Nothing beyond the line containing "Surface en acier" is to be printed; print exactly each line from the start of the records below through that line, leaving out pictures.

▶ [Provided records]:
== == ==

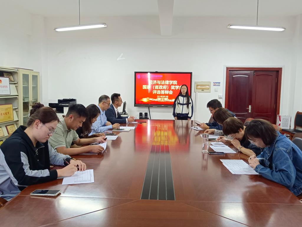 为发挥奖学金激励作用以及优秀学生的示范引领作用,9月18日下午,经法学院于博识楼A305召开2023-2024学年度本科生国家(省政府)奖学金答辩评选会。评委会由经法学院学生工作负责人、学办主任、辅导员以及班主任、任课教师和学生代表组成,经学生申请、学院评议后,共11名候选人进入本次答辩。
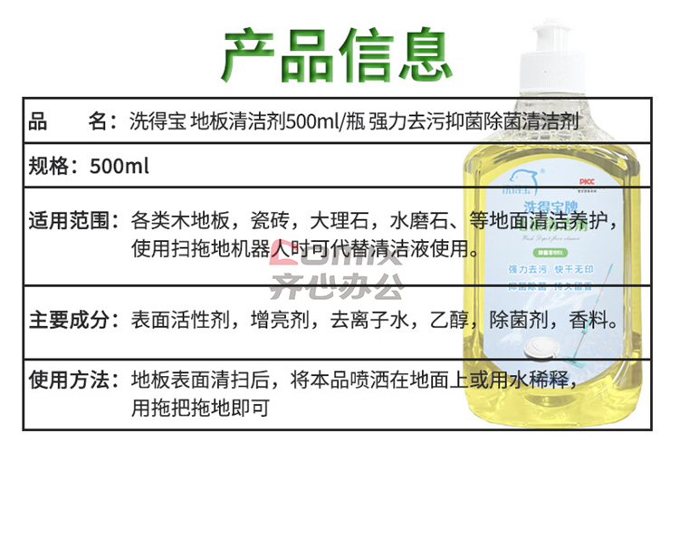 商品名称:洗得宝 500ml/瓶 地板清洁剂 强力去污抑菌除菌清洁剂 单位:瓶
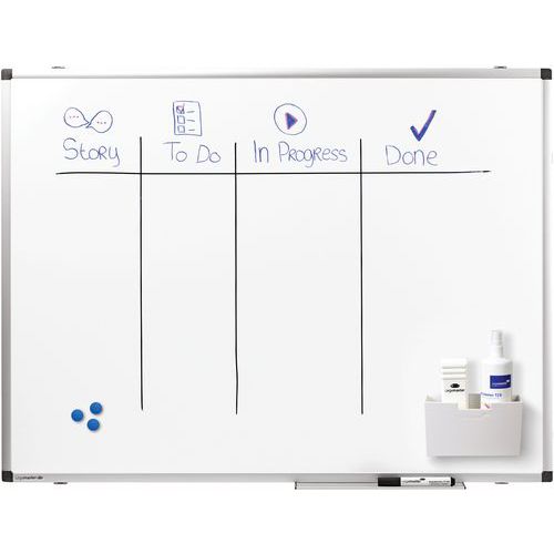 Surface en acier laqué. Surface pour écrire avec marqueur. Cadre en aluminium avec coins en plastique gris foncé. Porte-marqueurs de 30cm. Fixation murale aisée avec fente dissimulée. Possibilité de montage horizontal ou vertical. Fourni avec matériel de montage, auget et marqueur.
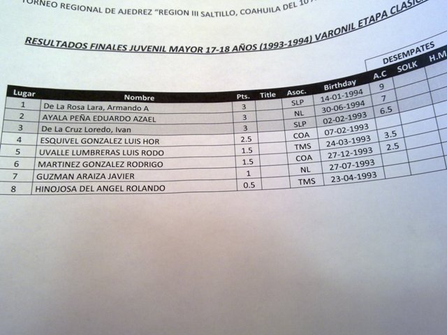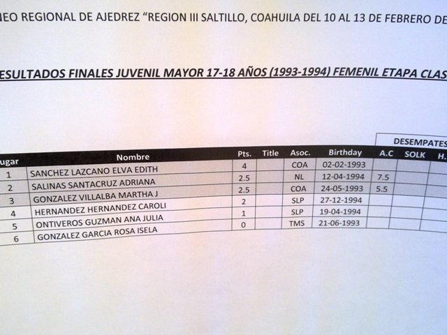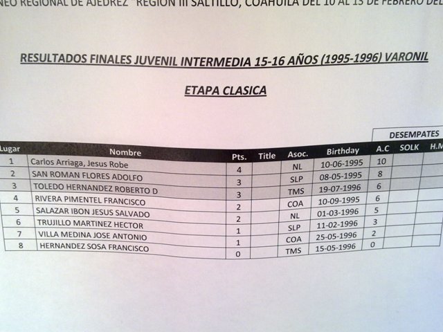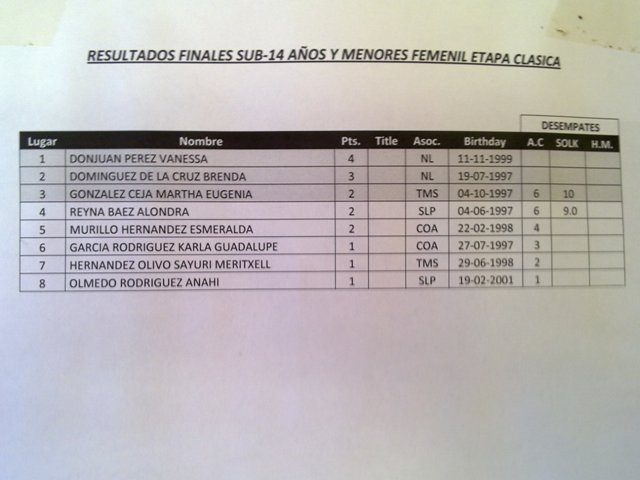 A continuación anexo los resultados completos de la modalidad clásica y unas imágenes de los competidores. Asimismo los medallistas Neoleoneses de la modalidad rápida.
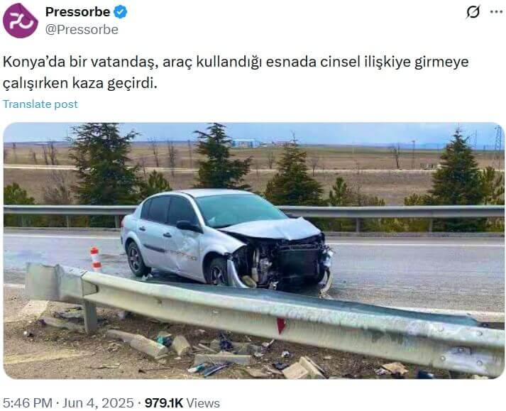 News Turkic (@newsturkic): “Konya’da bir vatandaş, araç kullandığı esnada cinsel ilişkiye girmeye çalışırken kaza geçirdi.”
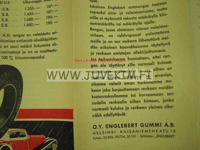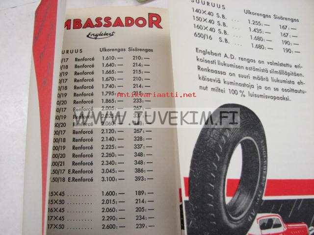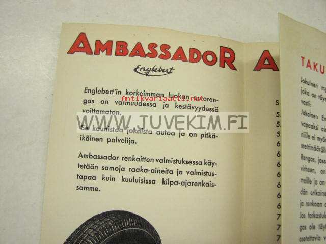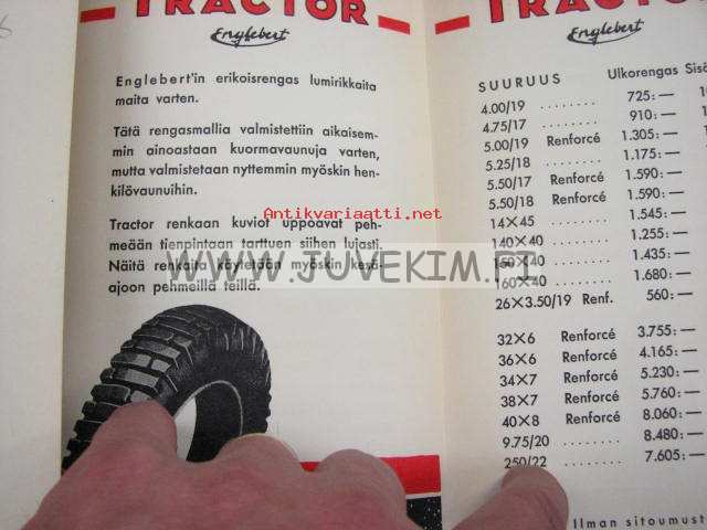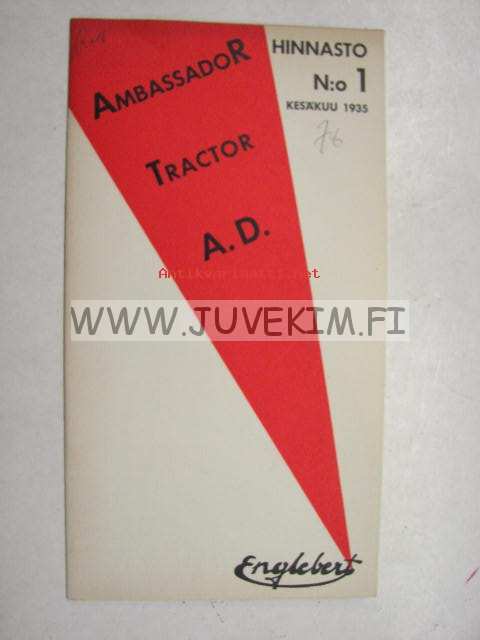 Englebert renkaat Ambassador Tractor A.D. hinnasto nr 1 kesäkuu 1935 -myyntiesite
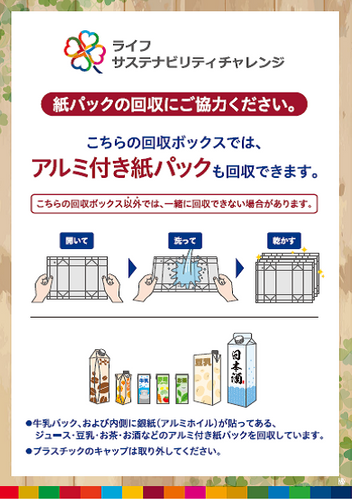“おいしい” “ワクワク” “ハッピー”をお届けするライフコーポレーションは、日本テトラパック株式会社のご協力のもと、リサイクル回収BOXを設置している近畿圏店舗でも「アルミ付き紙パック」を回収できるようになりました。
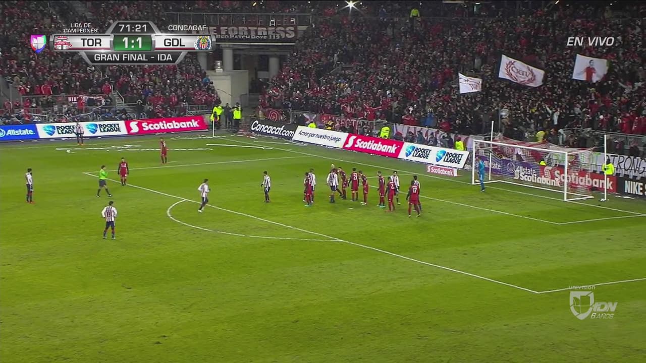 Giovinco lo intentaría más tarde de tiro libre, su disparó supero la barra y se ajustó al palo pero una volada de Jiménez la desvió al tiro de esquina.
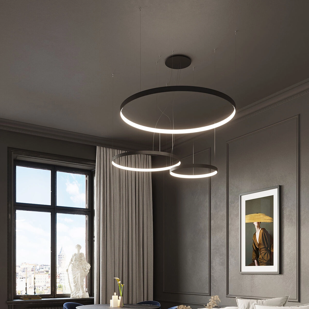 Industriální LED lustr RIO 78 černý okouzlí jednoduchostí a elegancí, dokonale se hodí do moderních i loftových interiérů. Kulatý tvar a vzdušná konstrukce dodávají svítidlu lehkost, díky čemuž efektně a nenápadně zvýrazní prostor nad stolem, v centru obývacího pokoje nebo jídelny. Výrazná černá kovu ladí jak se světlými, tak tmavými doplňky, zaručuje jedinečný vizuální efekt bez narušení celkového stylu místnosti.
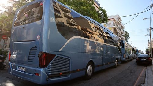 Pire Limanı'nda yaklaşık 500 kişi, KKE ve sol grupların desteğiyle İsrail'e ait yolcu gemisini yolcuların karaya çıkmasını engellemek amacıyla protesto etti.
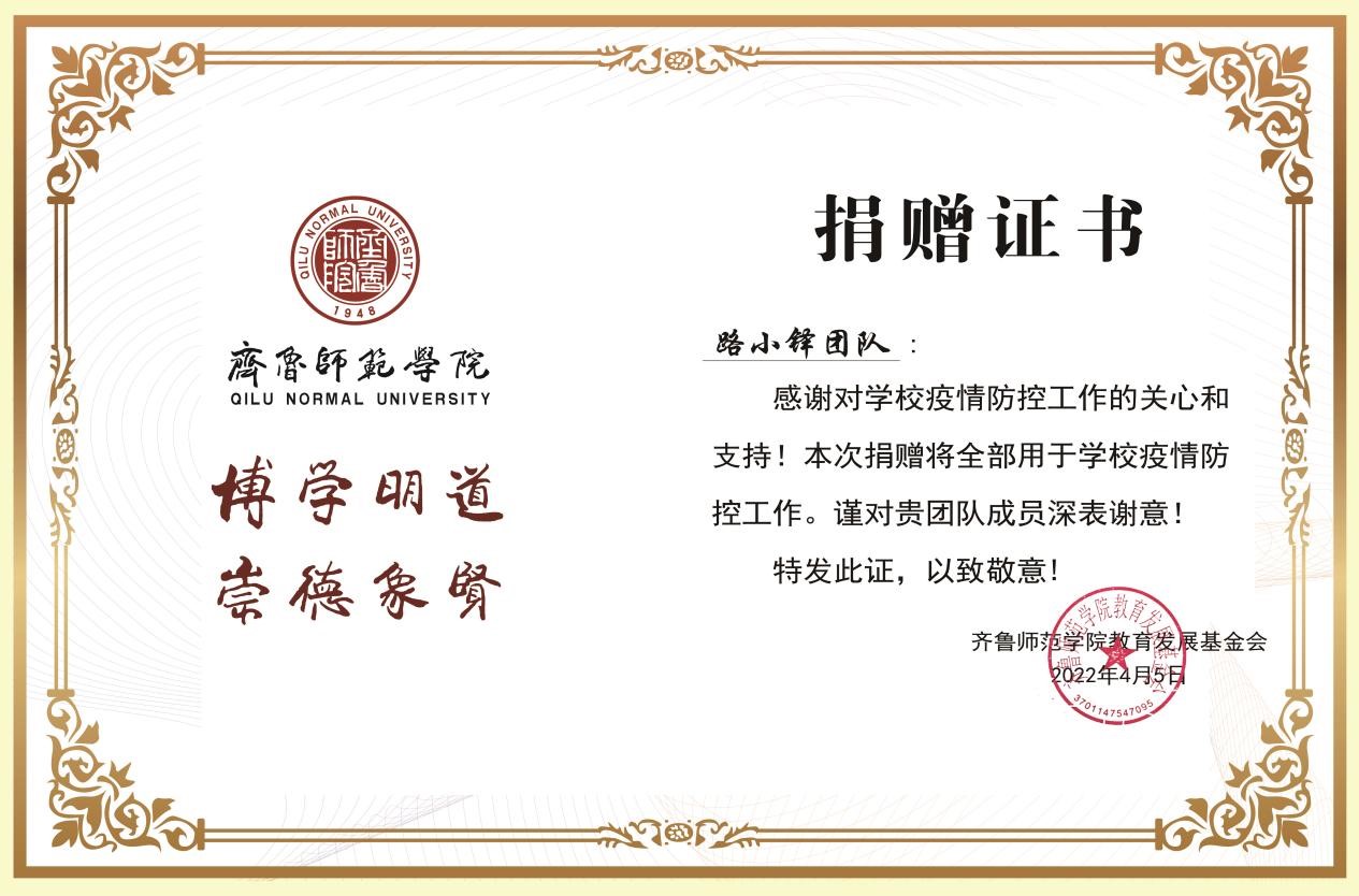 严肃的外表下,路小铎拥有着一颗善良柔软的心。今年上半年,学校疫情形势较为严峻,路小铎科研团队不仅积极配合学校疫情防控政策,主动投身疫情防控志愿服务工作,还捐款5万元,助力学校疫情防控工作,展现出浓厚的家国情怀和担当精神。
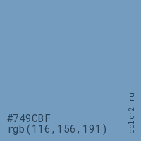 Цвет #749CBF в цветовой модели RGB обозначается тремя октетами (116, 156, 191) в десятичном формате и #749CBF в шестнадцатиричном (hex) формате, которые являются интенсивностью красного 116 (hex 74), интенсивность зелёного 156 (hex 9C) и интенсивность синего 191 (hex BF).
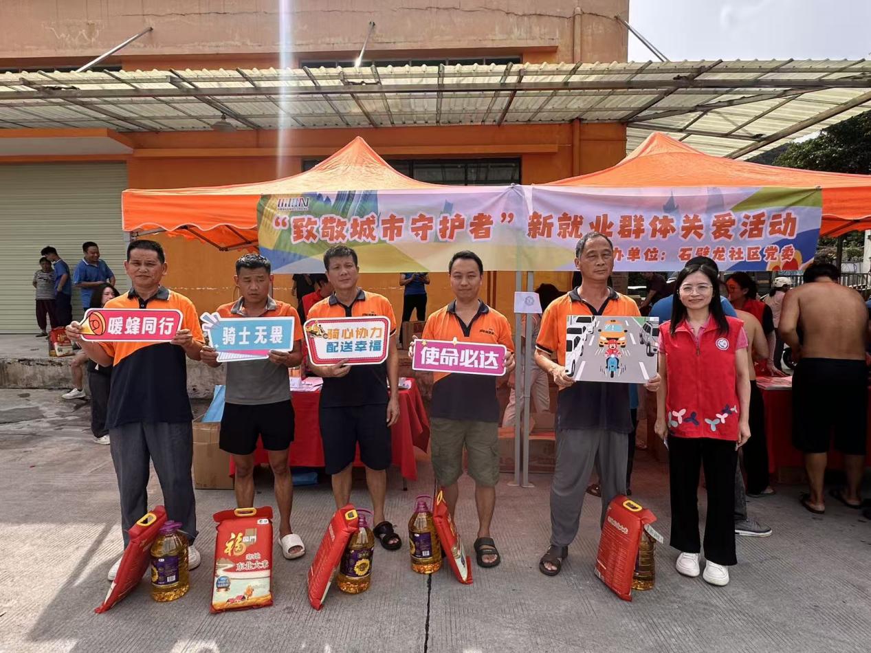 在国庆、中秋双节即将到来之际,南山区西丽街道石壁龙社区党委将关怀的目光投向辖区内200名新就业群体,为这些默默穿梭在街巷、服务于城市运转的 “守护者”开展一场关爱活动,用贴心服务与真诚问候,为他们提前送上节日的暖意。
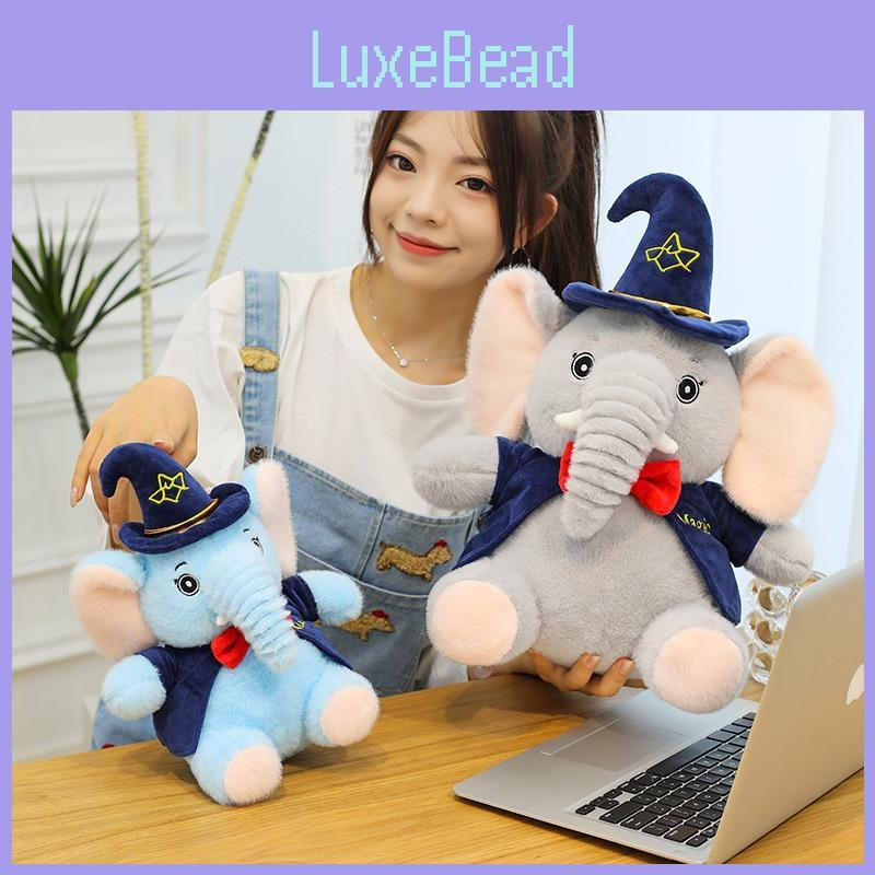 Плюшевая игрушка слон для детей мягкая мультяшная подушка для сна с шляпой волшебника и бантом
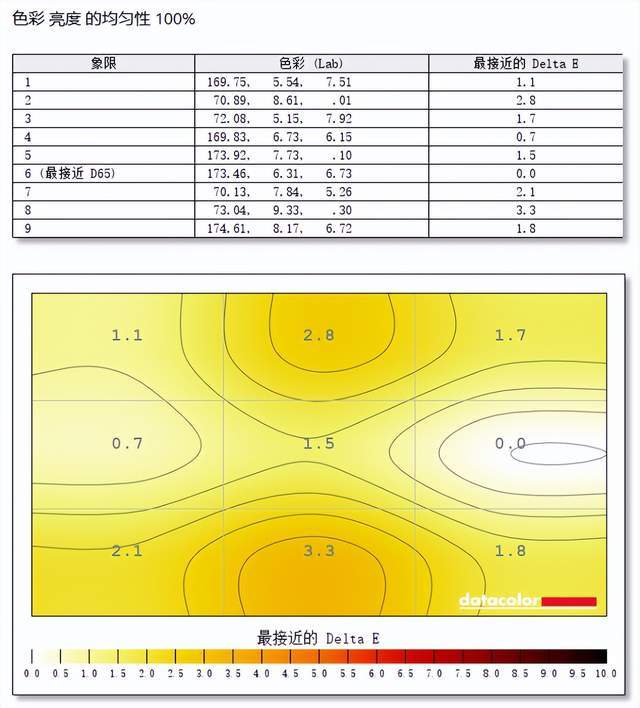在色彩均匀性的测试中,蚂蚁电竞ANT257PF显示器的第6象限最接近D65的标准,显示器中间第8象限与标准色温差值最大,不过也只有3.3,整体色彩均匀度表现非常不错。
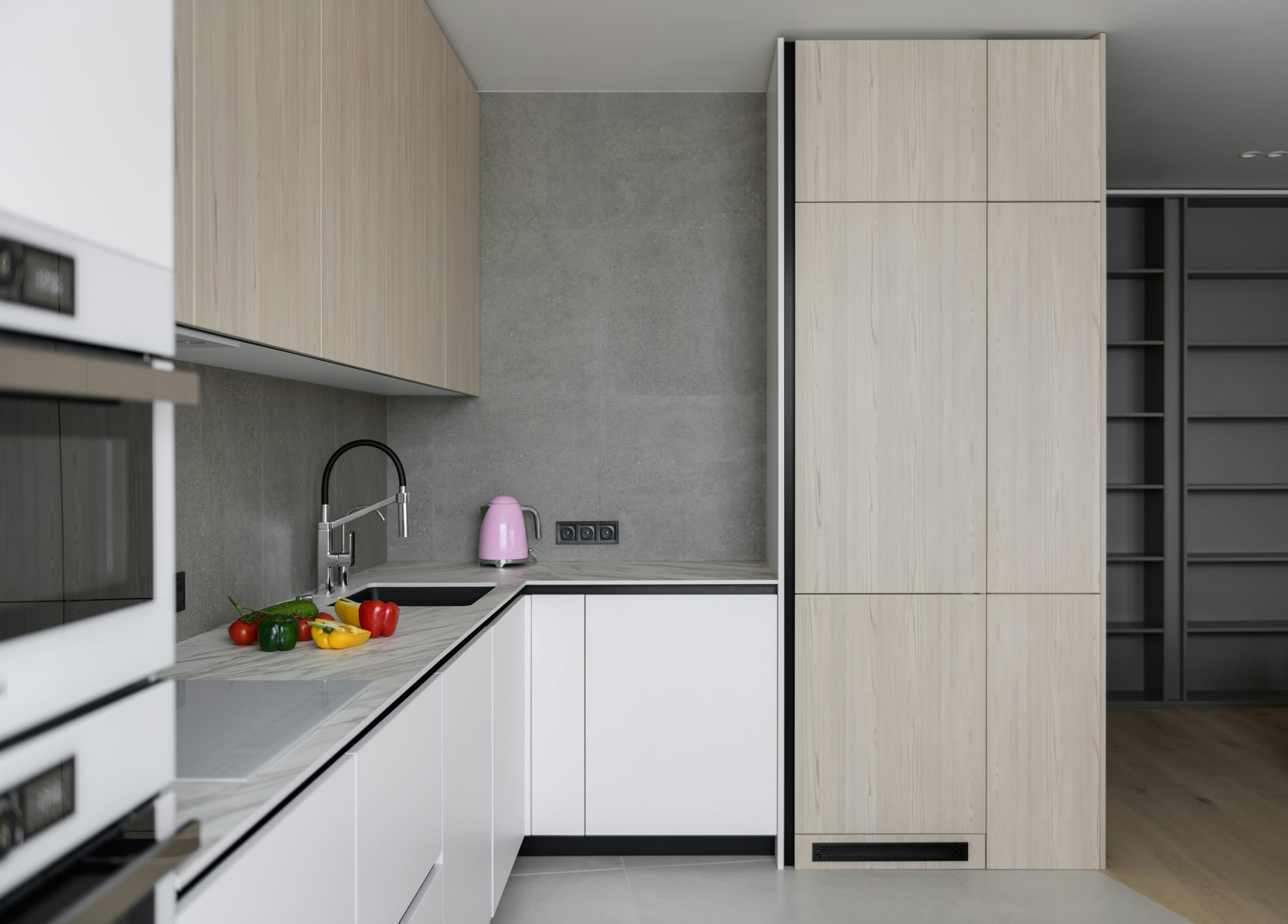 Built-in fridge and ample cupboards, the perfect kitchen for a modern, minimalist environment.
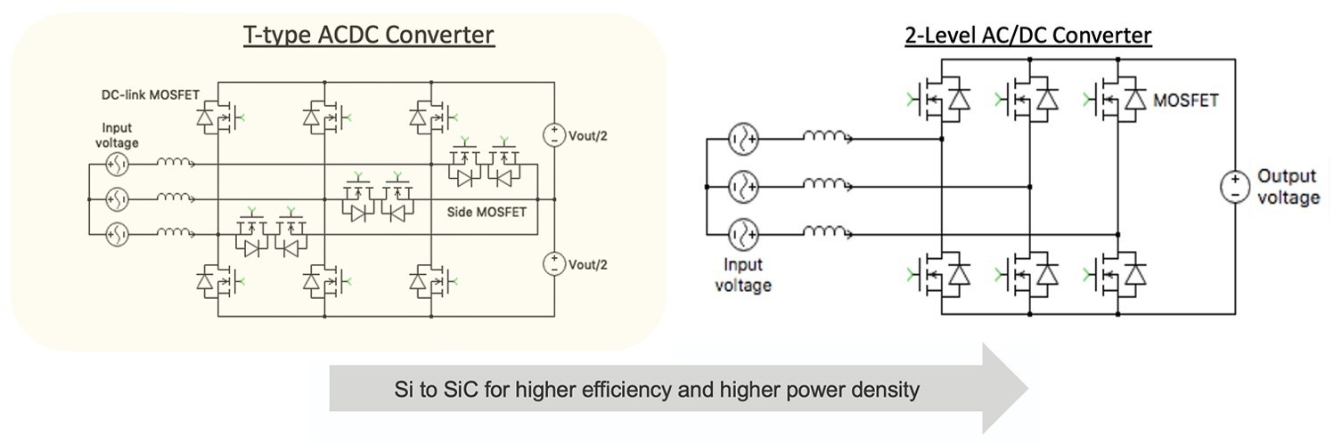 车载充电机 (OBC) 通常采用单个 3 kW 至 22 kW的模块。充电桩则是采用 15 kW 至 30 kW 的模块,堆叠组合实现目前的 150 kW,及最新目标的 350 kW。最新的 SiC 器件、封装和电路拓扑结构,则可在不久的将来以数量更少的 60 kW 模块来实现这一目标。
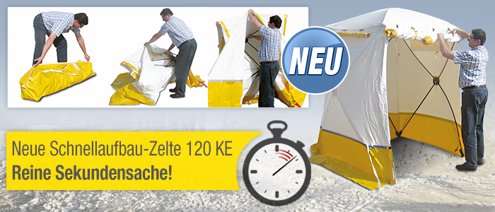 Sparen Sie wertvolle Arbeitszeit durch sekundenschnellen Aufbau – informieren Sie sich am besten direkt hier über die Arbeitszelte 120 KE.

== == ==

▶ [Response to this exercise]:
 为发挥奖学金激励作用以及优秀学生的示范引领作用,9月18日下午,经法学院于博识楼A305召开2023-2024学年度本科生国家(省政府)奖学金答辩评选会。评委会由经法学院学生工作负责人、学办主任、辅导员以及班主任、任课教师和学生代表组成,经学生申请、学院评议后,共11名候选人进入本次答辩。
 商品名称:洗得宝 500ml/瓶 地板清洁剂 强力去污抑菌除菌清洁剂 单位:瓶
 Surface en acier laqué. Surface pour écrire avec marqueur. Cadre en aluminium avec coins en plastique gris foncé. Porte-marqueurs de 30cm. Fixation murale aisée avec fente dissimulée. Possibilité de montage horizontal ou vertical. Fourni avec matériel de montage, auget et marqueur.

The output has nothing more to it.